Surely all at some time you have heard the recommendation given to the general population to walk, at least, 10,000 steps a day . That said, all of a sudden, it may seem a lot, but the reality is that the equivalent distance, obviously depending on each person (especially the height of each person) are between seven and eight kilometers, which seems more affordable.
Who else and who least has a device to measure their daily steps: it can be a pedometer (a little vintage , but if it works then it is welcome), a quantifying bracelet or a mobile application. We all count our steps and see how the bar that indicates our progress is going up little by little. But are 10,000 steps a day enough to be fit?
Where do the 10,000 steps come from?
If we want to know the origin of the recommendation of the 10,000 daily steps we must go back to the decade of the 60s in Japan. There Dr. Hatano realized that they were facing an increasing problem of obesity among the population, and that people used to walk an average of between 3,500 and 5,000 steps a day.
Hatano concluded, after some studies, that increasing the number of daily steps to 10,000 could create an average caloric deficit of 500 calories in each person, which would lead to a significant weight loss after only based on physical activity.
In 1964 the Olympic Games were held in Tokyo ( which we will replicate in four years ), and with them physical activity and sport became more important for the population. Hatano saw the window of opportunity and launched into the market a pedometer called Manpo-kei , which in Japanese literally means (oh, surprise!) “10,000 step meter”.

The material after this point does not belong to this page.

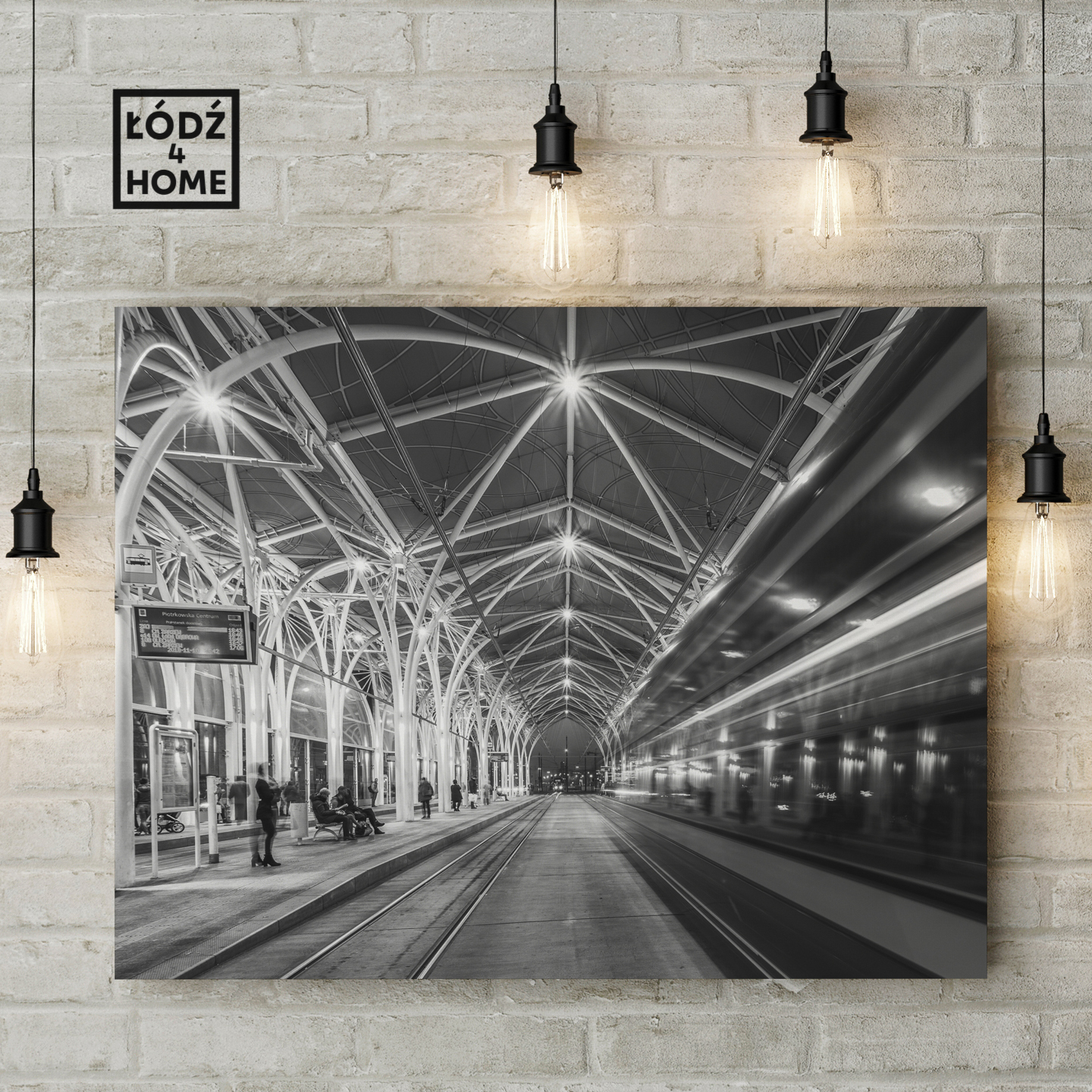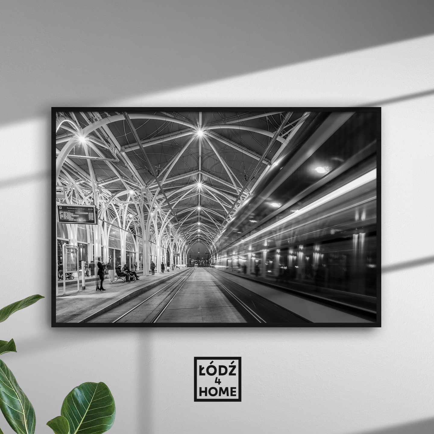 Sklep Łódź4Home prezentuje czarno białe zdjęcie Łodzi, które przedstawia tzw. Stajnię Jednorożców, czyli Centrum Przesiadkowe komunikacji miejskiej przy al. Mickiewicza.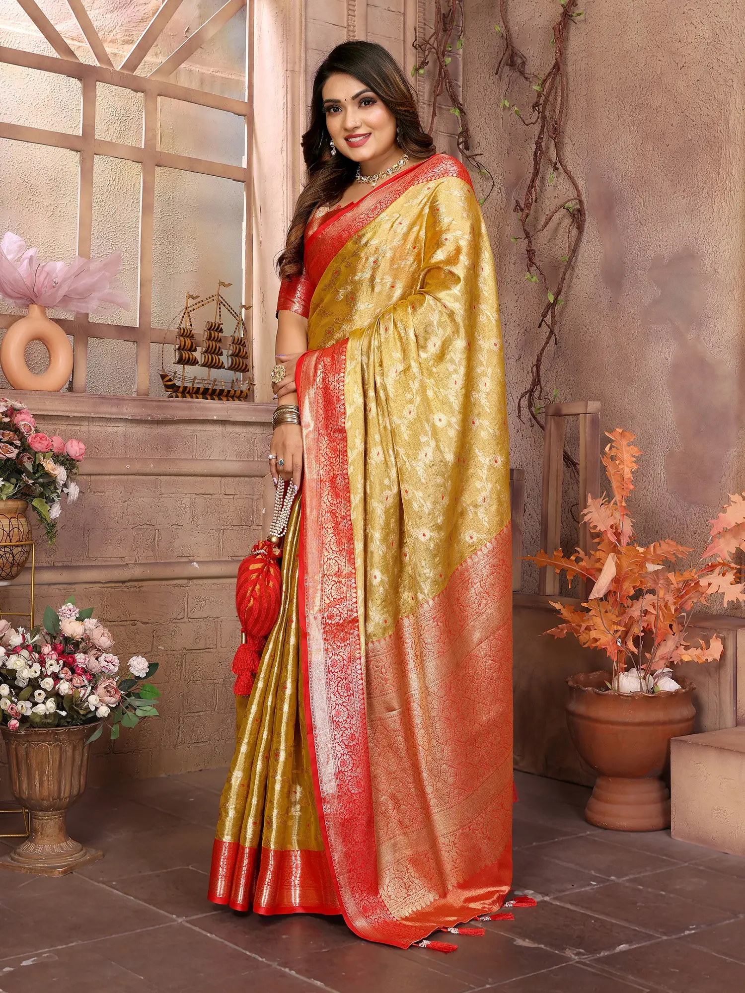 Pure Chiffon Golden-Haze Banarasi Saree with Unstitched Blouse | Handloom Zari Woven

Thus, those 10,000 steps became a kind of slogan for the sale of pedometers, which were very successful then and whose improved heirs are the current monitoring devices.
Are those 10,000 steps enough?
We start from the basis that it is a standardized figure and that, therefore, it does not have to apply to all people equally. This is what happens with the recommendations for the general population: it is necessary that afterwards they adapt to each individual .
If you are an active person who moves a lot throughout the day, it is very likely that these 10,000 steps will be quite short , but precisely for that quantifying bracelets or mobile applications allow us to change our goal or goal to beat. In the same way, for an older person those 10,000 steps can be too much.
It also depends on how we cover those 10,000 steps . If you walk for an hour every day to cover those 10,000 steps but the remaining 23 hours you spend sitting in front of the computer and taking the car to go buy the bread, then the purpose of that quantifying bracelet or that pedometer will not serve to a lot.
The idea of the 10,000 daily steps is to motivate people to maintain a more active life and move more throughout the day , whether by physical activity (such as walking) or physical exercise. The main use we can give quantifiers gadgets and pedometers is to give us that extra motivation that we need to get up from the sofa and go out, or to decide to walk back from the cinema instead of taking a bus or a taxi.
Whatever your situation, walking 10,000 steps a day is not going to hurt you. If they can be more, take advantage and add more steps to your day to day. And this is one of those rare occasions in fitness in which “more is better.”